## Extracted data
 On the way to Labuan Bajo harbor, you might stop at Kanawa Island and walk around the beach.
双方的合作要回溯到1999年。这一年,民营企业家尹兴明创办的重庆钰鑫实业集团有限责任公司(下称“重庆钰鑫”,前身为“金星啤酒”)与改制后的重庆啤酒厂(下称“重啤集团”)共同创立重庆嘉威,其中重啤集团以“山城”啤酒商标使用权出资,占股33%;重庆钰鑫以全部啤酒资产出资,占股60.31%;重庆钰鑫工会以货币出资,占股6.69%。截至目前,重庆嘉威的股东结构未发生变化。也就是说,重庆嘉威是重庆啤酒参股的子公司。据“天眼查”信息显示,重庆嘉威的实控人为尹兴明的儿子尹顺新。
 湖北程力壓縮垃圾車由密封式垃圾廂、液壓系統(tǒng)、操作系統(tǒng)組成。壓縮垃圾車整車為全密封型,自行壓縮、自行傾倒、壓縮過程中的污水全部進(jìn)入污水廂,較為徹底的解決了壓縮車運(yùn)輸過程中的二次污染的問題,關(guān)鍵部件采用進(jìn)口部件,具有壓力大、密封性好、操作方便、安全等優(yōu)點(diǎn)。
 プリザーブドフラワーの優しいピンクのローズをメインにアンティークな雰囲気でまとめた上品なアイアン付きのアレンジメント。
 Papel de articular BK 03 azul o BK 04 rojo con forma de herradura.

==

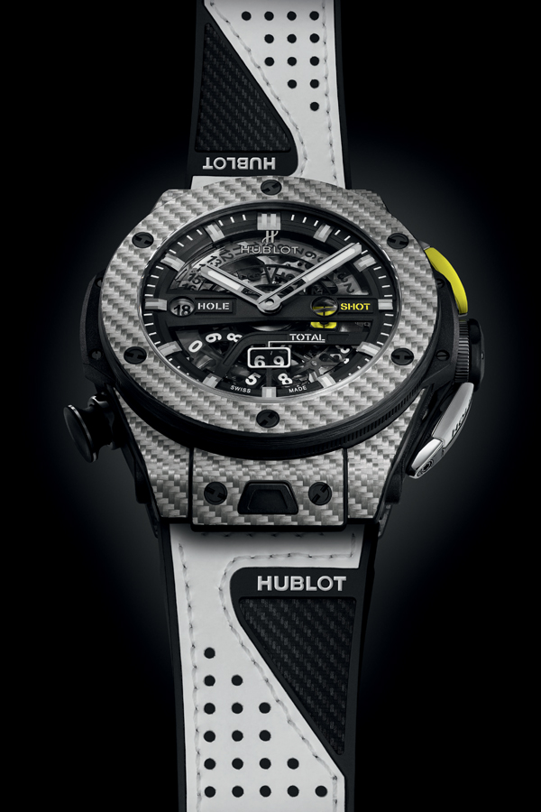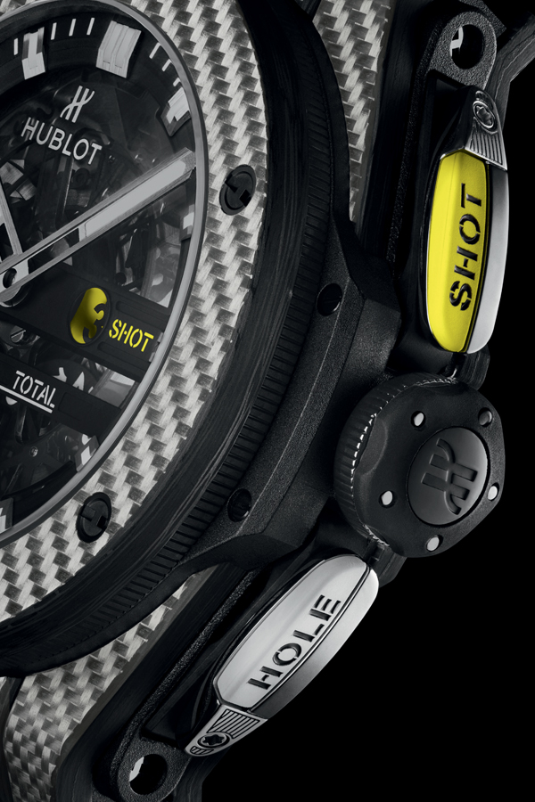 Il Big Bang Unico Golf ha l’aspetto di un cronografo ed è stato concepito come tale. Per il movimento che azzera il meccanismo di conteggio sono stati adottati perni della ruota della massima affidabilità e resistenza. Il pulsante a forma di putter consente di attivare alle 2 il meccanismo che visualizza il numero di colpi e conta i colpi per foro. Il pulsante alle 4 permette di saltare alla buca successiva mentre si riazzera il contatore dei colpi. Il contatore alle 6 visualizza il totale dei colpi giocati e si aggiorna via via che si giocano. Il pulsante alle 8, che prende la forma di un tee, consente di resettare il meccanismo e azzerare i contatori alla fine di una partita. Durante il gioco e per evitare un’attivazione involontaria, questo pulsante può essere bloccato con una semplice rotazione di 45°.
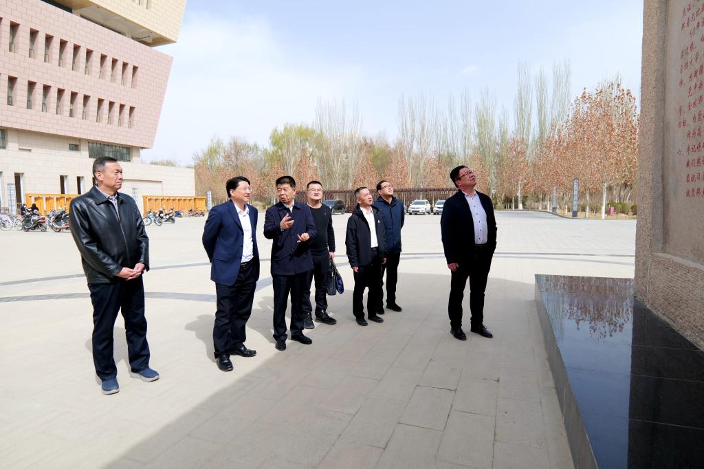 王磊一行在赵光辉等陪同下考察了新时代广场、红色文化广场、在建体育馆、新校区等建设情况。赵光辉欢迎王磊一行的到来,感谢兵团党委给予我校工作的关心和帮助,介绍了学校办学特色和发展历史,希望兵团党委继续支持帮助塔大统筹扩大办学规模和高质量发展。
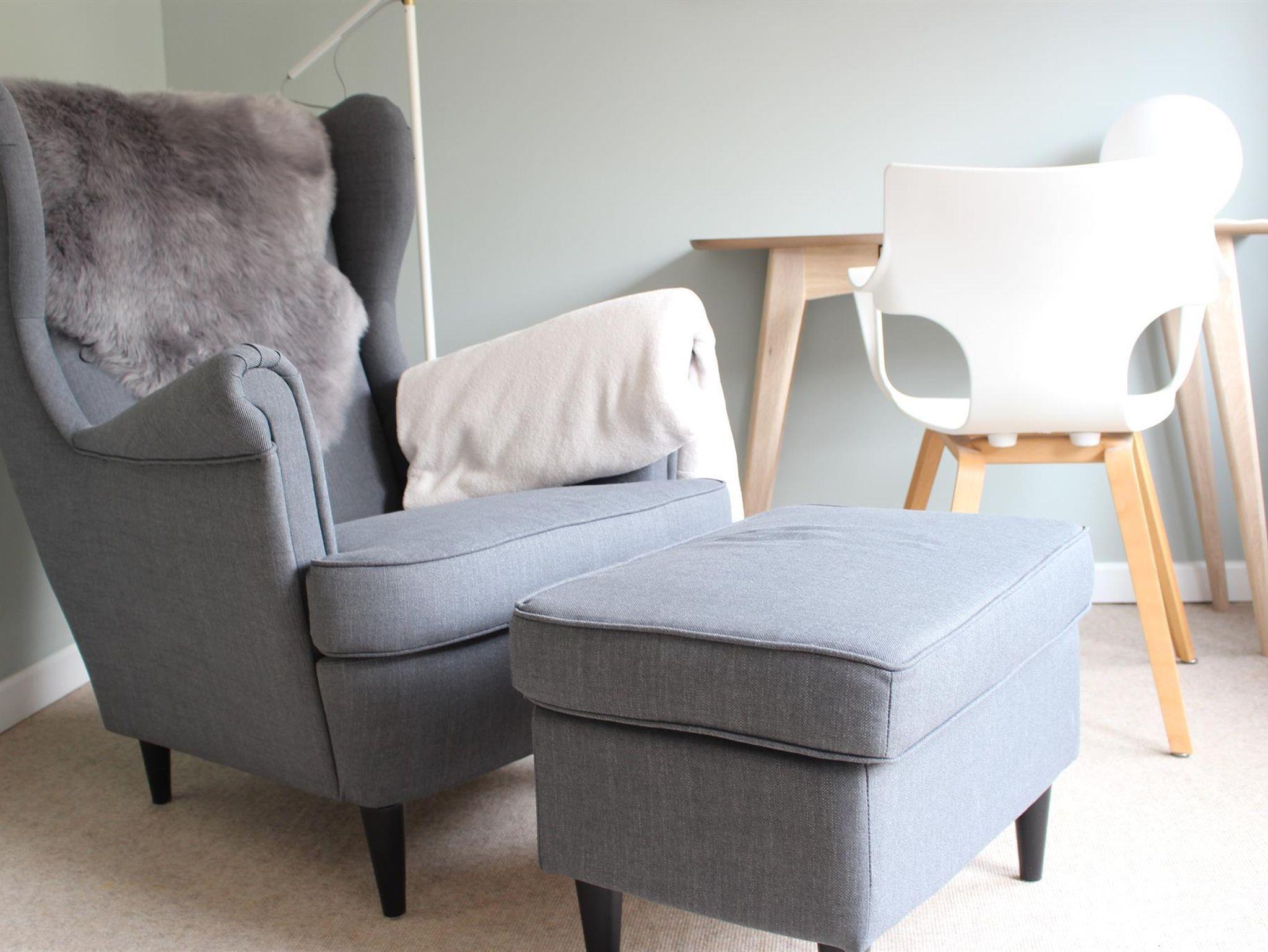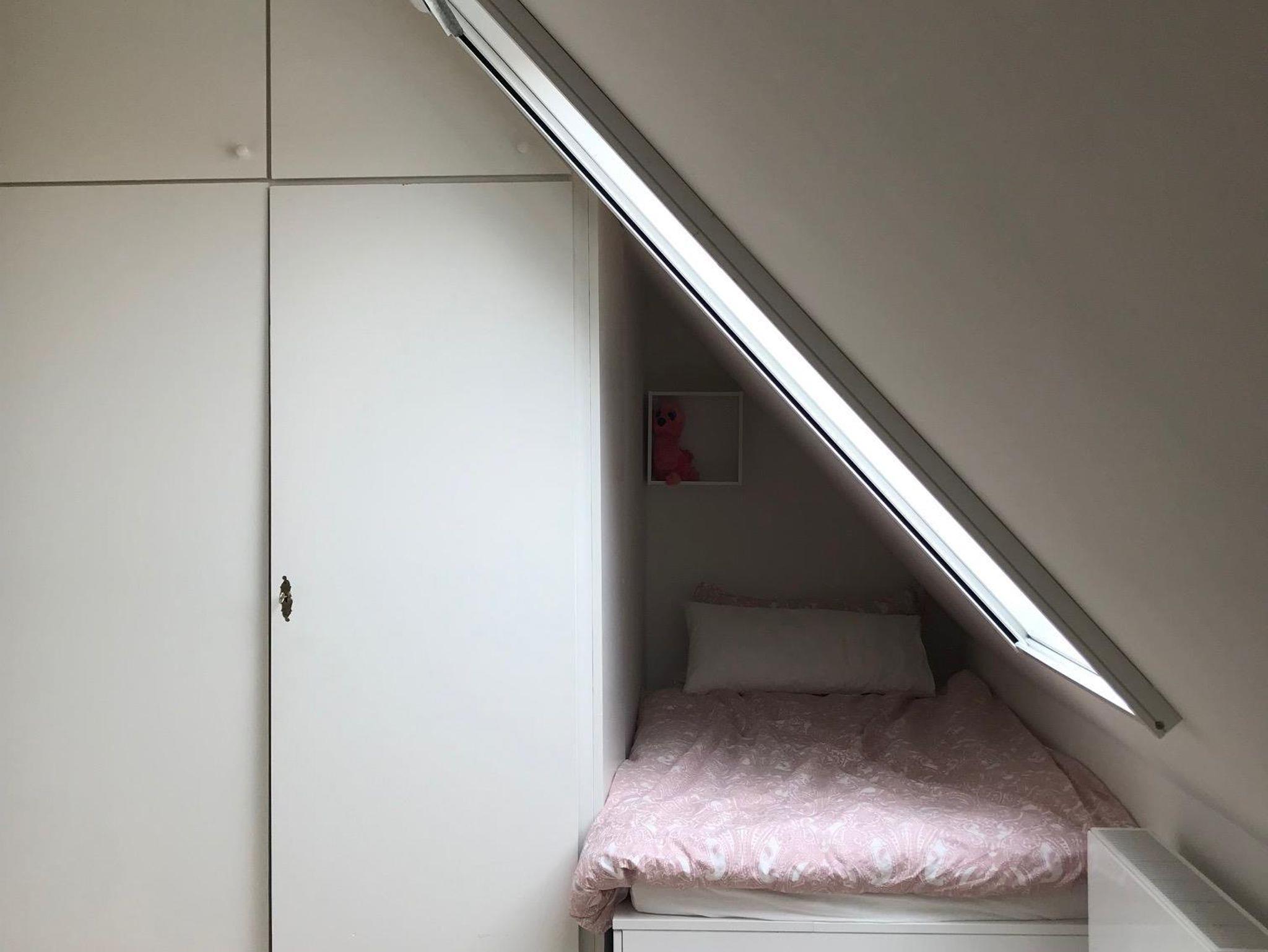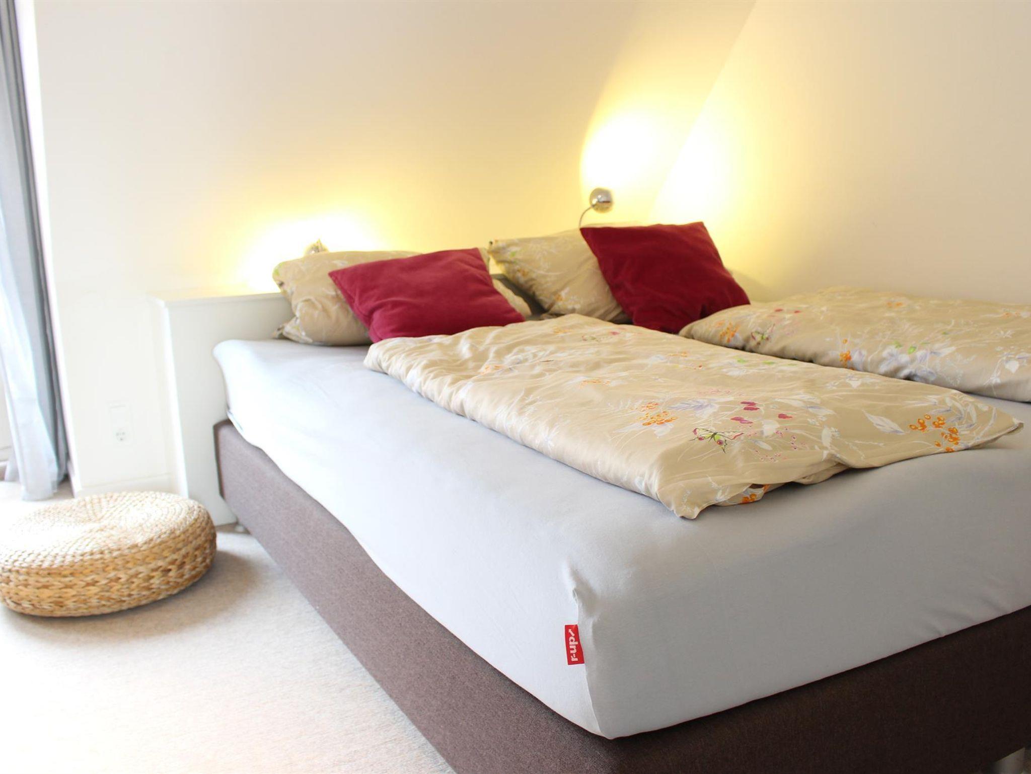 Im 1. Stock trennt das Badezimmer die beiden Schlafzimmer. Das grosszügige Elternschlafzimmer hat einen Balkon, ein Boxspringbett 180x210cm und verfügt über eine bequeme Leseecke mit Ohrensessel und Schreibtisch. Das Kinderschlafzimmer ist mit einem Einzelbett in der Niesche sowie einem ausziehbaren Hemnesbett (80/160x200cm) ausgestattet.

==

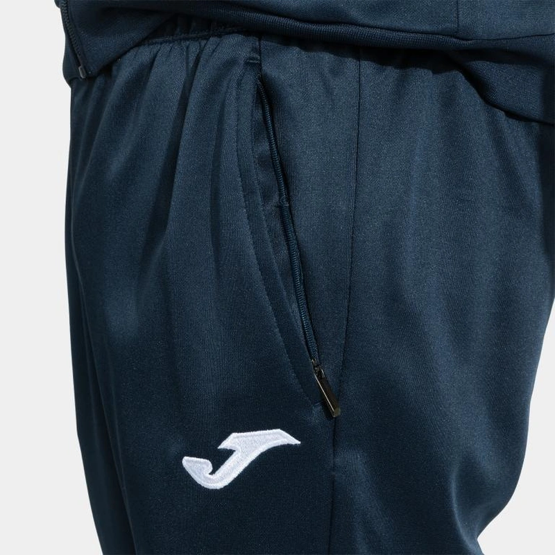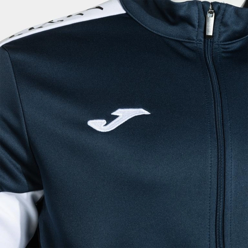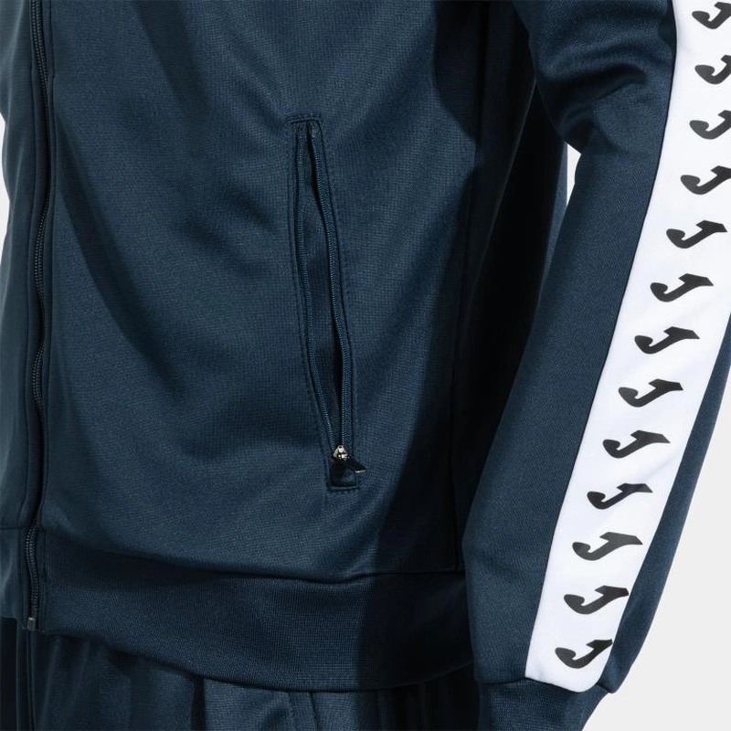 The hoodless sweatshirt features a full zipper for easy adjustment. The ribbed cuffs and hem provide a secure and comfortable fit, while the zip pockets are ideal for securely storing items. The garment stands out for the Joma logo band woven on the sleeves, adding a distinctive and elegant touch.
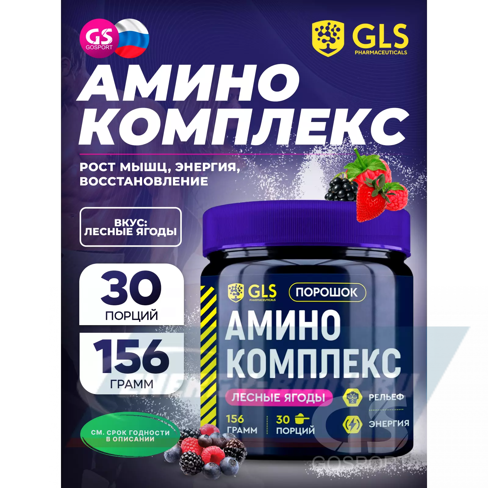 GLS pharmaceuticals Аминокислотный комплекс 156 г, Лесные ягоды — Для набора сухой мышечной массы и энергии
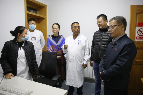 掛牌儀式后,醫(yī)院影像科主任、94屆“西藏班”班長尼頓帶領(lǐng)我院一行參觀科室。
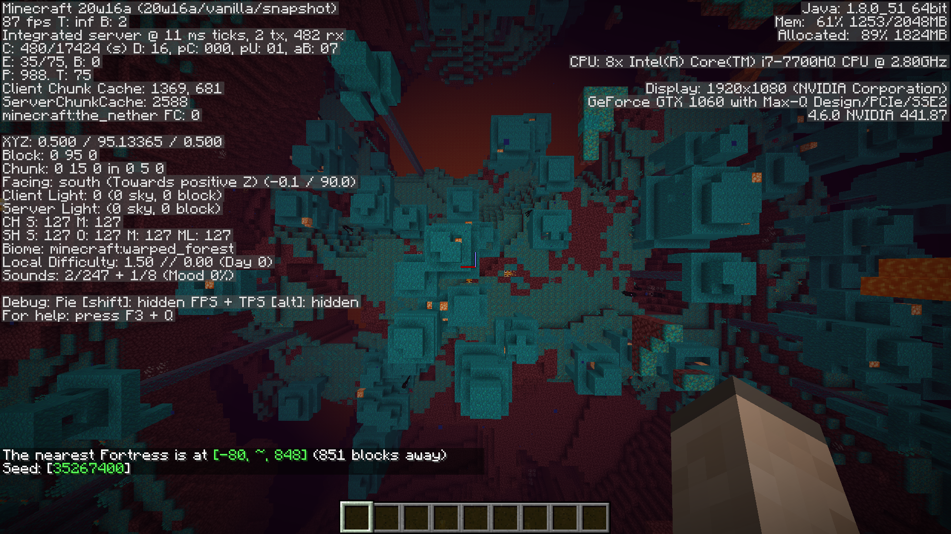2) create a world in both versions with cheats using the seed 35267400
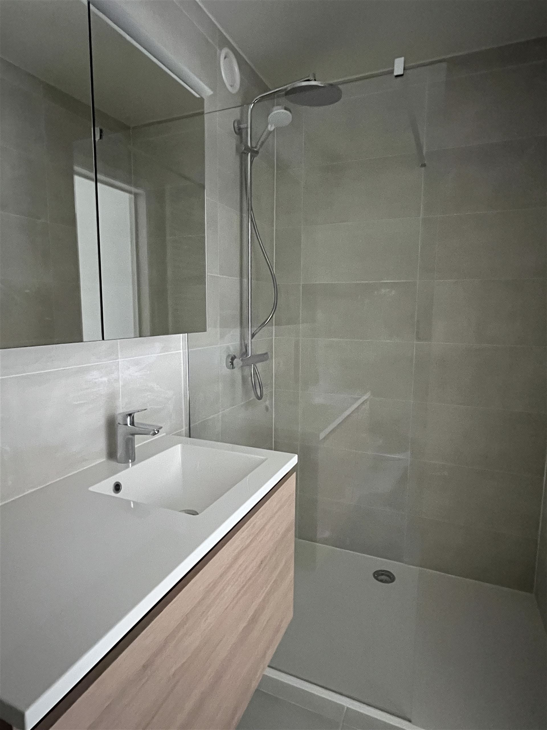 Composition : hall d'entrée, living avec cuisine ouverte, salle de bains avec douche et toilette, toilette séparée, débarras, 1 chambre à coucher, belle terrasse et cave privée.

## Problem statement
Starting with the line that has "掛牌儀式后,醫(yī)院影像" and going on through the line that has "Composition : hall", transcribe the records above exactly, but skip the pictures.

## Output
 掛牌儀式后,醫(yī)院影像科主任、94屆“西藏班”班長尼頓帶領(lǐng)我院一行參觀科室。
2) create a world in both versions with cheats using the seed 35267400
 Composition : hall d'entrée, living avec cuisine ouverte, salle de bains avec douche et toilette, toilette séparée, débarras, 1 chambre à coucher, belle terrasse et cave privée.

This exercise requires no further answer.